Problem statement
In the records below, find the line containing "Once payment is", then copy that line and all lines after it, exactly, omitting every picture.

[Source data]
□ □ □
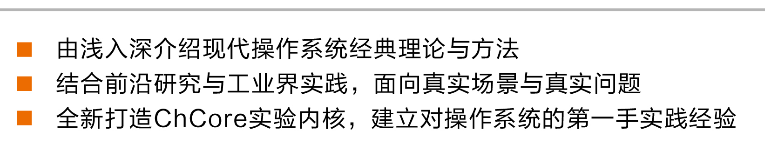 本书的另一个重要特色是试图为操作系统的教学与人才培养提供完整的配套体系:在教材之外,作者提供了课程课件、授课视频、课程作业等丰富的教辅材料。作者所在的上海交通大学并行与分布式系统研究所还设计与实现了一个面向教学与科研的微内核架构操作系统ChCore,并提供了一整套课程实验与相应的测试用例,以帮助读者从头实现一个可以运行在ARM开发板上的操作系统。
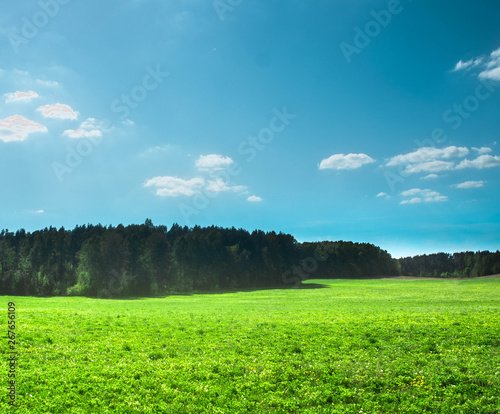 Fototapeta premium green field ,forest and blue sky
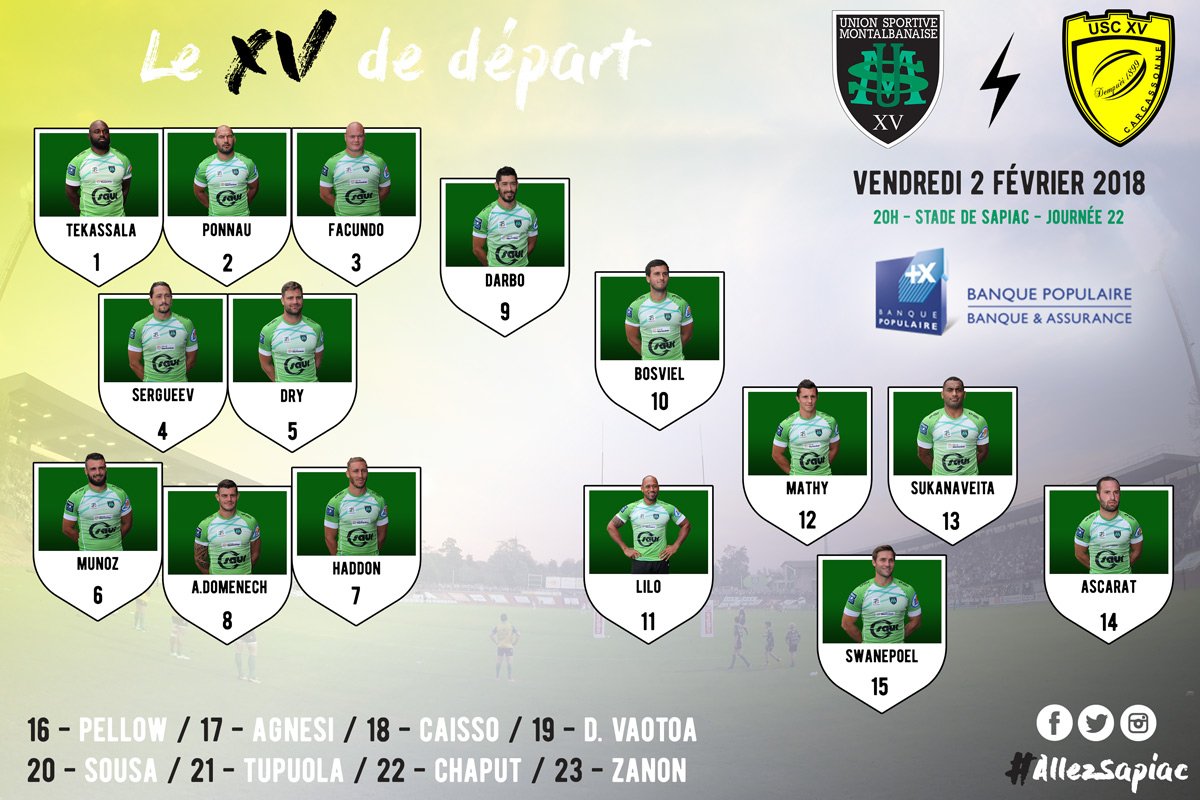 Daniel a écrit : 01 févr. 2018, 17:59LA COMPO CONTRE MONTAUBANPremière ligne : Devisme – Bruté de Rémur – Civilhttp://www.uscarcassonne.com/la-compo-c ... ntauban-2/
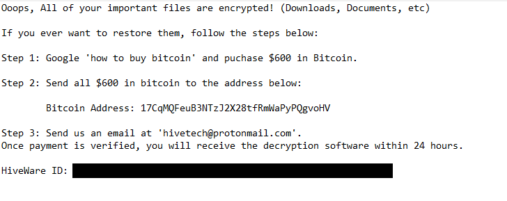 Once payment is verified, you will receive the decryption software within 24 hours.HiveWare ID: –
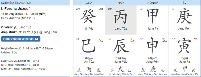Ferenc József egy jang tűz napon született. Egy jang tűz típusú embernek az inkarnációs feladata, hogy a változások fontosak és a fejlődést szolgálják. Rutinorientált és munkamániás.
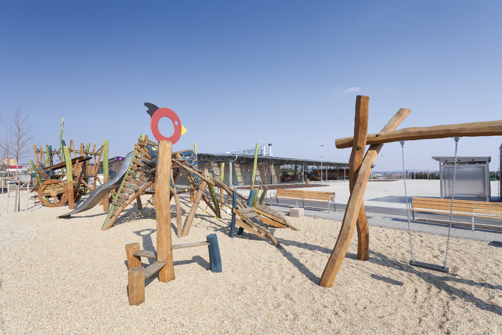 Venkovní posezení - krytá terasa s provozním objektem s kuchyní a výčepem, hlediště pro sedící diváky, dětské hřiště, moravská zahrada, provedena zpevněná betonová plocha a výstavba parkoviště pro osobní automobily.
□ □ □
Reply
 Once payment is verified, you will receive the decryption software within 24 hours.HiveWare ID: –
Ferenc József egy jang tűz napon született. Egy jang tűz típusú embernek az inkarnációs feladata, hogy a változások fontosak és a fejlődést szolgálják. Rutinorientált és munkamániás.
 Venkovní posezení - krytá terasa s provozním objektem s kuchyní a výčepem, hlediště pro sedící diváky, dětské hřiště, moravská zahrada, provedena zpevněná betonová plocha a výstavba parkoviště pro osobní automobily.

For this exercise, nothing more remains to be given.